# Los Angeles Metrolink Strategic Plan: poll results & new questions



## beautifulplanet (Dec 10, 2014)

As was posted here, Metrolink was asking for input about its 10 year strategic vision. Here are some results so far:

http://metrolinktrains.com/news/page/title/strategic_plan_survey_results



> Over 1200 responses were received from residents throughout Metrolink’s service area and beyond.


Looking at the"Word Cloud of write-in requests for Metrolink to focus on during the next ten years", the size of the words seems to indicate that the issues mentioned more often were:

- Frequency

- Adding Routes

- Late Service

- Expanding Routes

Looking at the "Word Cloud of write-in locations respondents wished were better served by Metrolink", the size of the words seems to illustrate that mentioned most were:

- LAX

- South Bay

- San Diego

- Westside

- Santa Monica

- Long Beach

- Palm Springs

- Beach Cities

- Santa Barbara

- Redlands

- West LA

Now, Metrolink still asks for more input regarding future possible rail plans:

http://surveyanalytics.com/t/CN501ZJ3q5Q(not quite sure if link does work)

Among other things, it is possible to answer a multiple choice poll about what should be Metrolink's biggest priority at this point of time (f.e. "Expand the Metrolink system and improve regional connectivity" or any of 5 other choices).
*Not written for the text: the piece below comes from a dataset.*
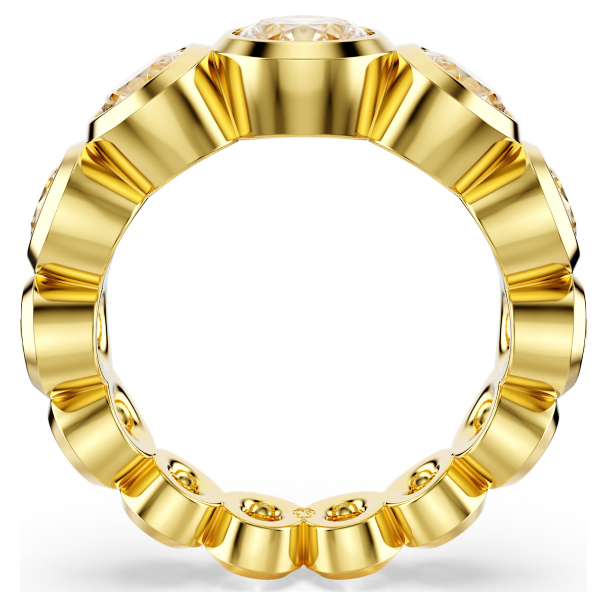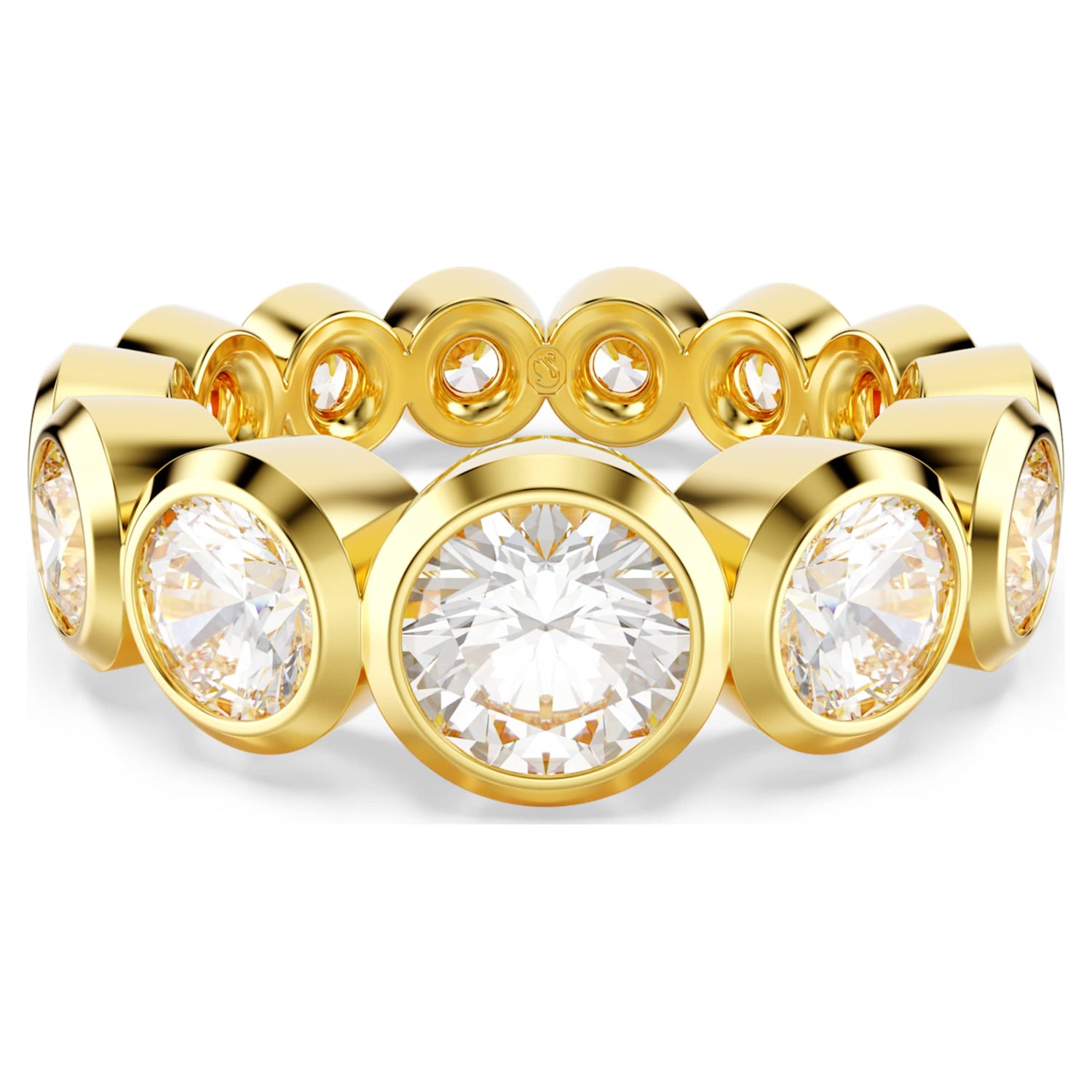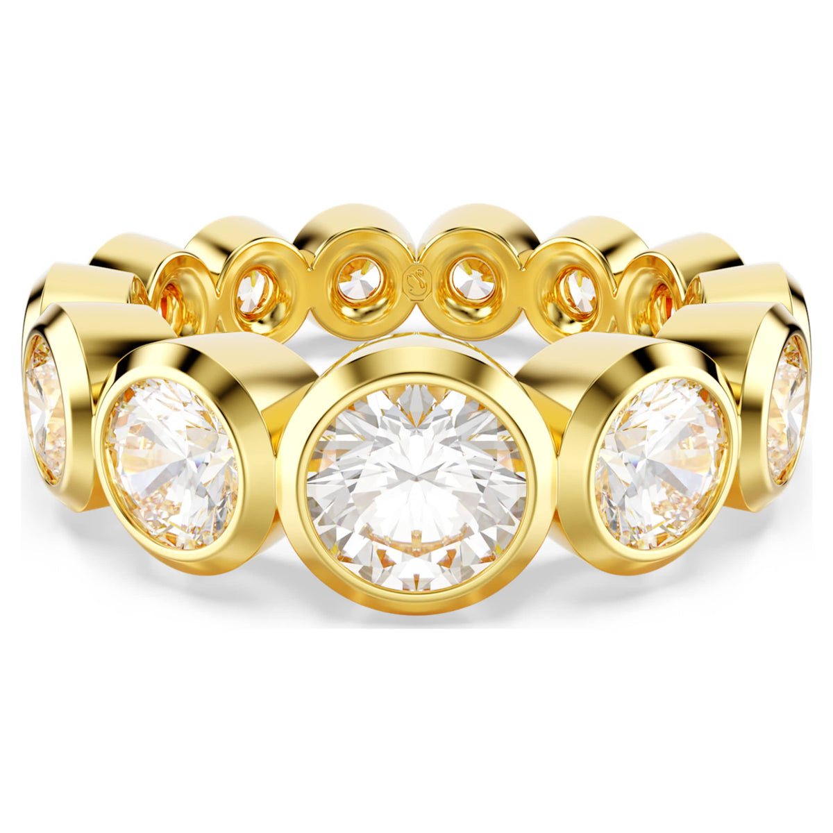 This Imber Ring by Swarovski is ideal for day-to-night styling, remaining impressive at any hour. The gold-tone plated band is masterfully crafted with a full circle of round-cut Swarovski Zirconia, each placed in a modern bezel setting. A gradient of different sizes produces an eye-catching effect and a blaze of light from any angle. This ring symbolizes the continuous cycle of brilliance and modern elegance. Wear it with a pair of matching earrings to let your sophistication shine. Its comfortable design and radiant finish make it an essential staple for any high-end jewelry collection.

At least some might be curious, what kind of funding for investments Metrolink will be able to receive over the next years and decades...


----------



## beautifulplanet (Jan 16, 2015)

Metrolink states that Metrolink's Strategic Plan is expected to be released in April of 2015.

Still, the survey linked to above is still open.

Maybe for some, it might be interesting to see the Metrolink service scenarios feedback is desired upon in the survey.



> Most responses in Metrolink's previous Strategic Plan Survey called for more frequent and expanded Metrolink service.
> Service expansion is a major part of Metrolink's Strategic Plan and several service scenarios are being developed.
> 
> Below you have the opportunity to review some of the scenarios for expanding Metrolink service over the next 10 years. The maps indicate service levels based on frequency of train service during the peak and off-peak hours.


Image depicting current service:







Image depicting Scenario 1:








> Scenario 1. reflects enhanced service levels on the existing network, including the Perris Valley Line that is scheduled to open late in 2015.







> Scenario 2. Additional lines and connections.










> Service Frequencies for Scenario 2.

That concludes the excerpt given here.